The task ::
Scan the records beneath this line for the line holding "Porte clés ANNIVERSAIRE" and the line holding "BEMBO, Pietro (1470-1547).", then transcribe exactly those two and all lines between.

Exercise data ::
---
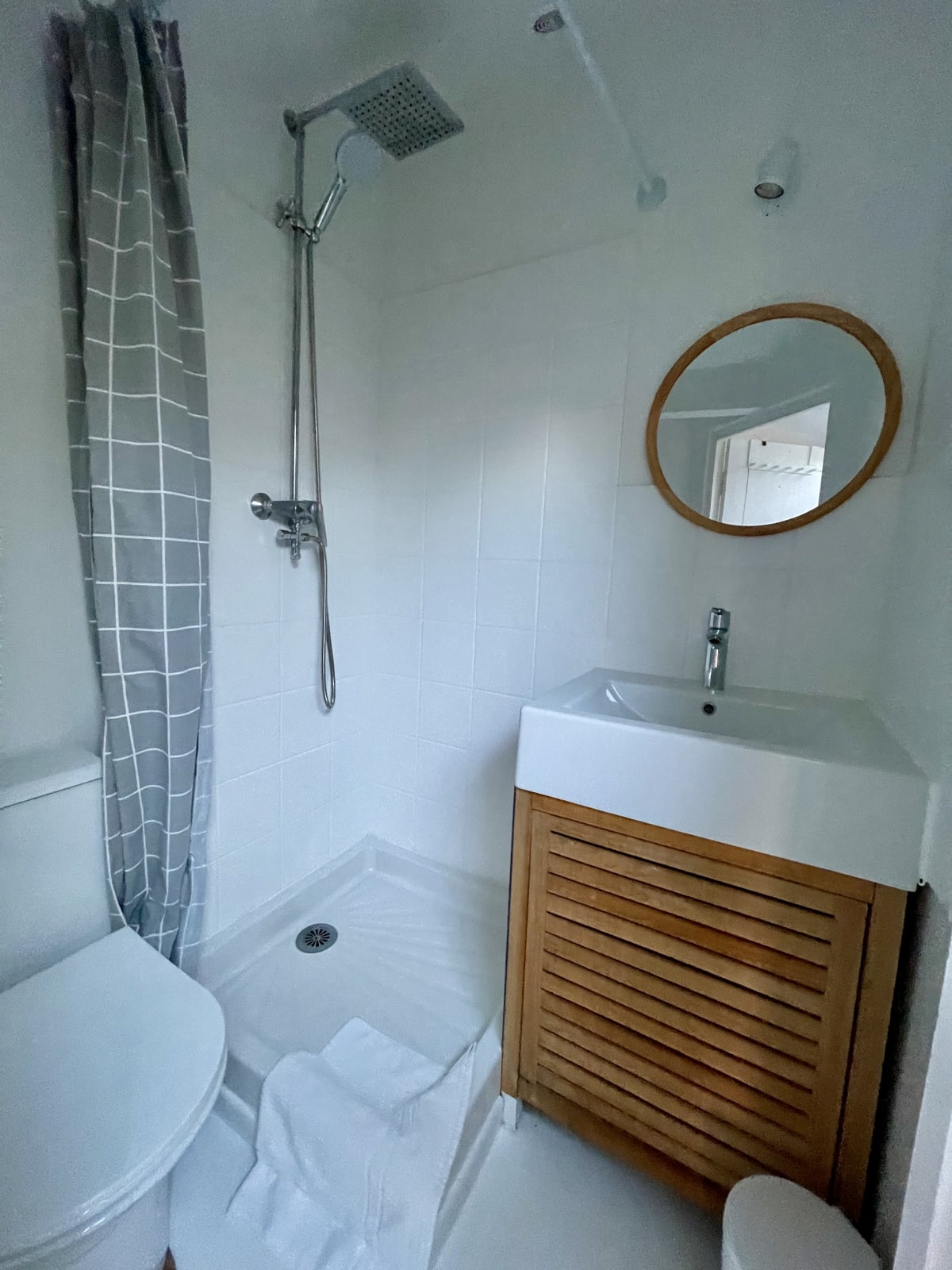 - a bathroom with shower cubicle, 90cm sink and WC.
---
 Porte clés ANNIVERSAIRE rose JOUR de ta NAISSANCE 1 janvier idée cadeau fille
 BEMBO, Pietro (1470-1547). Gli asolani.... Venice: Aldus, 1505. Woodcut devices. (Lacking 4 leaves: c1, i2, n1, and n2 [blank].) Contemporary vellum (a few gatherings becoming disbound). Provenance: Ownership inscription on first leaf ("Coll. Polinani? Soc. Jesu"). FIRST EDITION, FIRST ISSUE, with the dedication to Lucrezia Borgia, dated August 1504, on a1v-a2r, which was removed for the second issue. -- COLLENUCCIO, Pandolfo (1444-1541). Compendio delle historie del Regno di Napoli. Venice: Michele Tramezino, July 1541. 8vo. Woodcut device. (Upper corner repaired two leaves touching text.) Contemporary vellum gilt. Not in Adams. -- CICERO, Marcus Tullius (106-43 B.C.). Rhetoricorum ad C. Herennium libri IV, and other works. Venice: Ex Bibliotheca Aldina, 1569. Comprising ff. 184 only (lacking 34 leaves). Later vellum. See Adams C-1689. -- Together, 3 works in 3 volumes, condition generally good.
---
Exercise output ::
 Porte clés ANNIVERSAIRE rose JOUR de ta NAISSANCE 1 janvier idée cadeau fille
 BEMBO, Pietro (1470-1547). Gli asolani.... Venice: Aldus, 1505. Woodcut devices. (Lacking 4 leaves: c1, i2, n1, and n2 [blank].) Contemporary vellum (a few gatherings becoming disbound). Provenance: Ownership inscription on first leaf ("Coll. Polinani? Soc. Jesu"). FIRST EDITION, FIRST ISSUE, with the dedication to Lucrezia Borgia, dated August 1504, on a1v-a2r, which was removed for the second issue. -- COLLENUCCIO, Pandolfo (1444-1541). Compendio delle historie del Regno di Napoli. Venice: Michele Tramezino, July 1541. 8vo. Woodcut device. (Upper corner repaired two leaves touching text.) Contemporary vellum gilt. Not in Adams. -- CICERO, Marcus Tullius (106-43 B.C.). Rhetoricorum ad C. Herennium libri IV, and other works. Venice: Ex Bibliotheca Aldina, 1569. Comprising ff. 184 only (lacking 34 leaves). Later vellum. See Adams C-1689. -- Together, 3 works in 3 volumes, condition generally good.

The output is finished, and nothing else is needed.